#### Task inputs ####

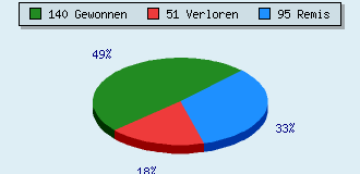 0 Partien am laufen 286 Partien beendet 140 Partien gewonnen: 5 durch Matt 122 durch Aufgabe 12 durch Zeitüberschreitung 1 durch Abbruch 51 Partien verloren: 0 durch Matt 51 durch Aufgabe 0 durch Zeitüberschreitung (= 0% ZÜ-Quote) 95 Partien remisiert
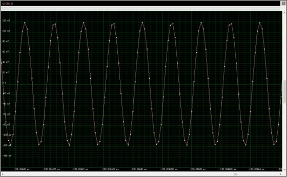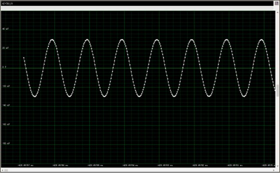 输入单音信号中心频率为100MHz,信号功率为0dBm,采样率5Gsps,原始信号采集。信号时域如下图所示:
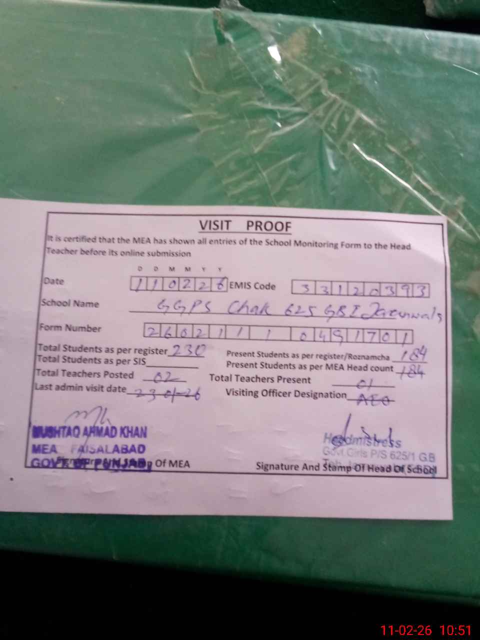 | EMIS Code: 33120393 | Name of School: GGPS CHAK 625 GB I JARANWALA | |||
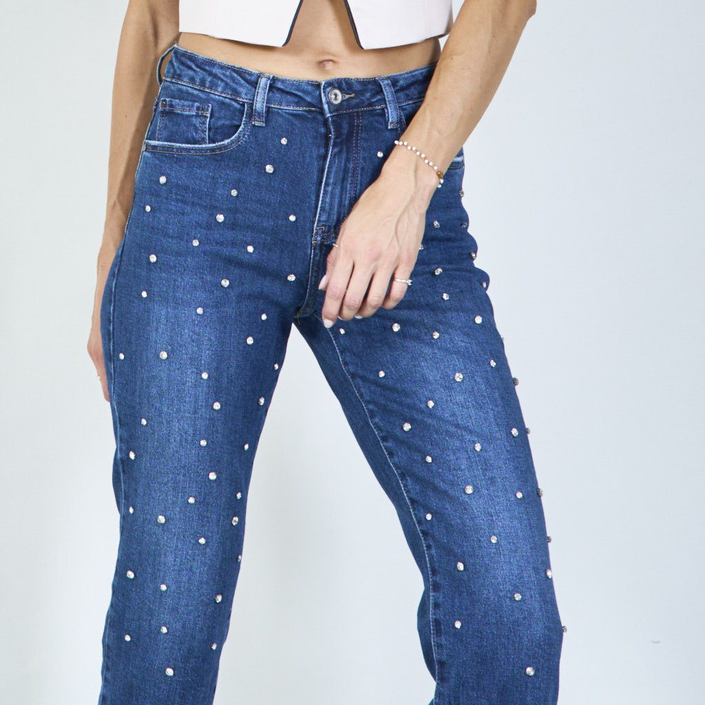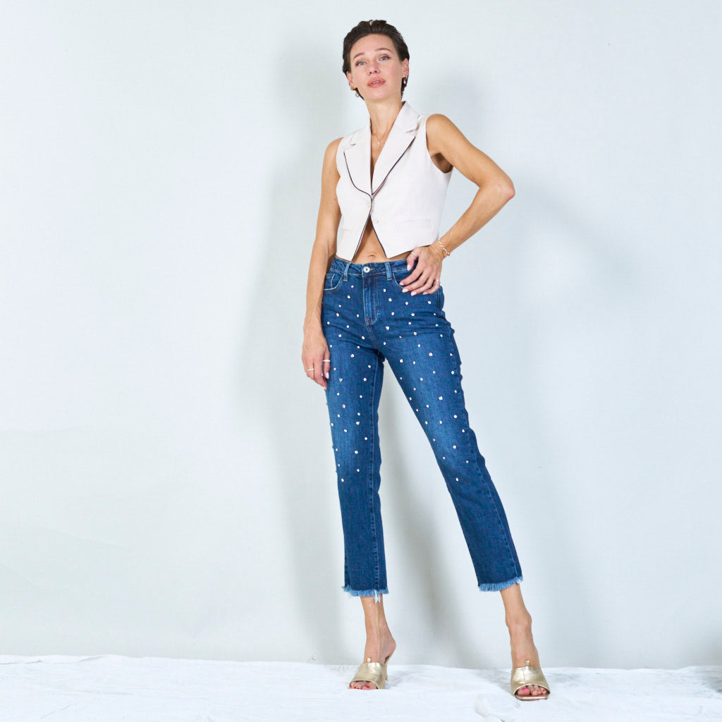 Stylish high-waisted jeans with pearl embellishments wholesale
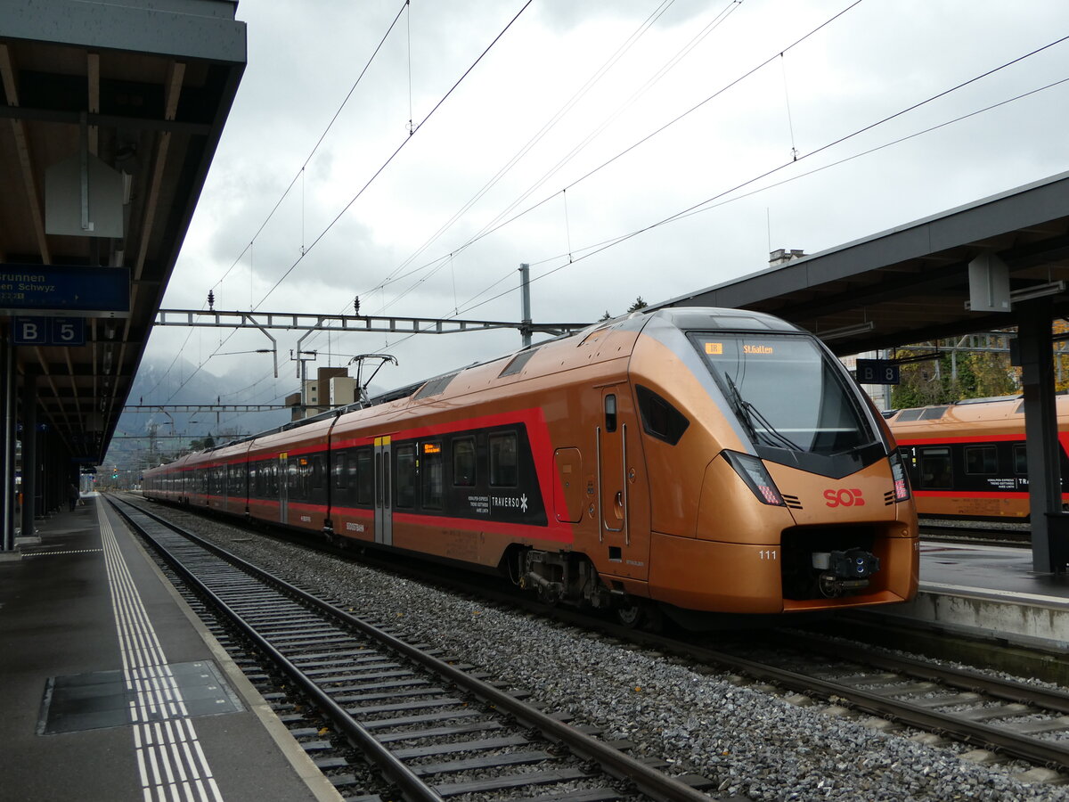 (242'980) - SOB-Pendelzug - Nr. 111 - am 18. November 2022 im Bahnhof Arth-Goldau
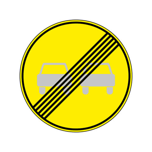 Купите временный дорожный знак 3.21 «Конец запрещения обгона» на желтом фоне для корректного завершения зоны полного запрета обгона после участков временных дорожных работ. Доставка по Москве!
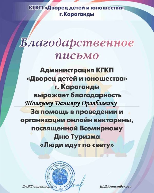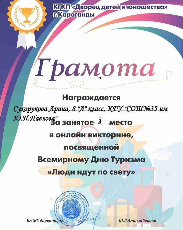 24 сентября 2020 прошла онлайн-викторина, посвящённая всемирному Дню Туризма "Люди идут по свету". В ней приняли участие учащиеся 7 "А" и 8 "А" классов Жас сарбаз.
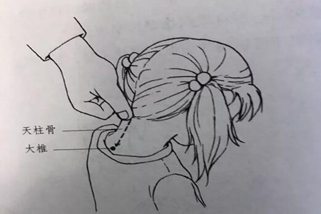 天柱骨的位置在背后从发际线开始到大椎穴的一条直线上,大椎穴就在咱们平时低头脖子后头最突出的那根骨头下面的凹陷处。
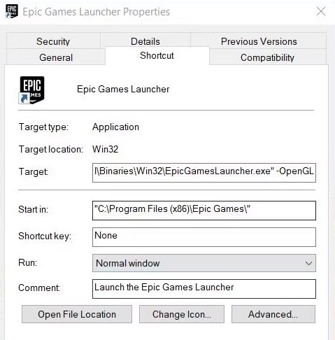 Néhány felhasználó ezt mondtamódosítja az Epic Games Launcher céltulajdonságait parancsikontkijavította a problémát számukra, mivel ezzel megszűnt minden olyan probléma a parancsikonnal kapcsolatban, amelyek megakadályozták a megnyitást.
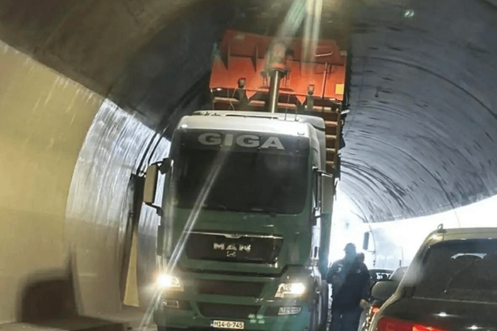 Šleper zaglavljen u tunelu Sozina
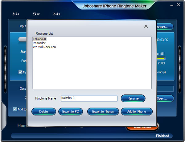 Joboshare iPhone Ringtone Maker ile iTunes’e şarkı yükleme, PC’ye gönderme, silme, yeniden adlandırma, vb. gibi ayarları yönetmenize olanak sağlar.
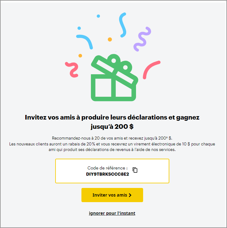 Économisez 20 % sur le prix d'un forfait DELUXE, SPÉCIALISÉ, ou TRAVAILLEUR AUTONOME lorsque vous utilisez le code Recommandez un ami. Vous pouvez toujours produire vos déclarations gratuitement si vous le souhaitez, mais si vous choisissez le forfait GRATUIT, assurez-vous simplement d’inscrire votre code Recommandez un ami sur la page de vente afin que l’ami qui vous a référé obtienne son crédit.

####

**Instructions for the task:** Take the records above from their first line through the line with "Joboshare iPhone Ringtone" and set those lines down word for word, minus the pictures.

**Written reply:**
 0 Partien am laufen 286 Partien beendet 140 Partien gewonnen: 5 durch Matt 122 durch Aufgabe 12 durch Zeitüberschreitung 1 durch Abbruch 51 Partien verloren: 0 durch Matt 51 durch Aufgabe 0 durch Zeitüberschreitung (= 0% ZÜ-Quote) 95 Partien remisiert
 输入单音信号中心频率为100MHz,信号功率为0dBm,采样率5Gsps,原始信号采集。信号时域如下图所示:
 | EMIS Code: 33120393 | Name of School: GGPS CHAK 625 GB I JARANWALA | |||
 Stylish high-waisted jeans with pearl embellishments wholesale
 (242'980) - SOB-Pendelzug - Nr. 111 - am 18. November 2022 im Bahnhof Arth-Goldau
 Купите временный дорожный знак 3.21 «Конец запрещения обгона» на желтом фоне для корректного завершения зоны полного запрета обгона после участков временных дорожных работ. Доставка по Москве!
 24 сентября 2020 прошла онлайн-викторина, посвящённая всемирному Дню Туризма "Люди идут по свету". В ней приняли участие учащиеся 7 "А" и 8 "А" классов Жас сарбаз.
 天柱骨的位置在背后从发际线开始到大椎穴的一条直线上,大椎穴就在咱们平时低头脖子后头最突出的那根骨头下面的凹陷处。
 Néhány felhasználó ezt mondtamódosítja az Epic Games Launcher céltulajdonságait parancsikontkijavította a problémát számukra, mivel ezzel megszűnt minden olyan probléma a parancsikonnal kapcsolatban, amelyek megakadályozták a megnyitást.
 Šleper zaglavljen u tunelu Sozina
 Joboshare iPhone Ringtone Maker ile iTunes’e şarkı yükleme, PC’ye gönderme, silme, yeniden adlandırma, vb. gibi ayarları yönetmenize olanak sağlar.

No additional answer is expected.